The American people understand that our current healthcare system is not working. But the time is long overdue for them to understand that there is something fundamentally wrong when the US remains the only country in the industrialized world that does not guarantee healthcare to all its people.

Healthcare is a right and we must ensure provision of that right for Americans. A single-payer system will be good for the average American, good for businesses, good for workers and good for our overall economy. http://www.theguardian.com/commentisfree/2013/sep/30/single-payer-cure-healthcare-reform

36 Re: Something to be aware of in Obamacare on Tue Apr 29, 2014 1:28 pm

SSC


Admin
how in the world did you double copy this ???

37 Re: Something to be aware of in Obamacare on Tue Apr 29, 2014 2:49 pm

gypsy


Moderator
what do you mean? I copied from my browser President Obama's Affordable Care Act is a start. It prevents insurance companies from denying patients coverage for pre-existing conditions, allows people up to age 26 to stay on their parents' insurance, sets minimum standards for what insurance must cover and helps lower-income Americans afford health insurance. When the marketplace exchanges open for enrollment on Tuesday, many Americans will find the premiums will be lower than the ones they're paying now. Others will find the coverage is much more comprehensive than their current plans.

Most importantly, another 20 million Americans will receive health insurance. This is a modest step forward. But if we are serious about providing quality care for all, much more needs to be done.
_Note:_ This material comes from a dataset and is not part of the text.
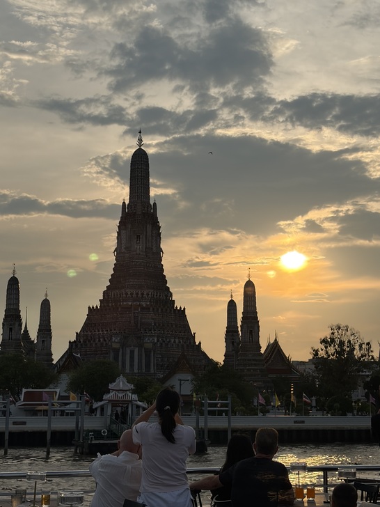 太陽西下 遊河的活動進入尾聲 好棒的遊河體驗 好美的昭披耶河 感受曼谷的活力與魅力 盡情享受船上的歡樂與浪漫的時刻。

38 Re: Something to be aware of in Obamacare on Tue Apr 29, 2014 4:05 pm

SSC


Admin
Tragically, the United States is failing in both areas.
Start at this line, then look for it to repeat the whole article is somehow double posted, do you read your post before submitting it ??

We were talking about pharmaceutical donations to politicians, you wanted proof, you got proof and went off in another direction again.



Last edited by SSC on Tue Apr 29, 2014 4:08 pm; edited 1 time in total

39 Re: Something to be aware of in Obamacare on Tue Apr 29, 2014 4:07 pm

gypsy


Moderator
of course I do  we have been failing along time Obama is fixing it with congress help can you imagine how much more could be done.  like i said he has accomplished more in five years than Bush did in eight, and no new wars. I never said anything about pharmaceutical lol. your the one going in different directions, some of your posts are not making sense.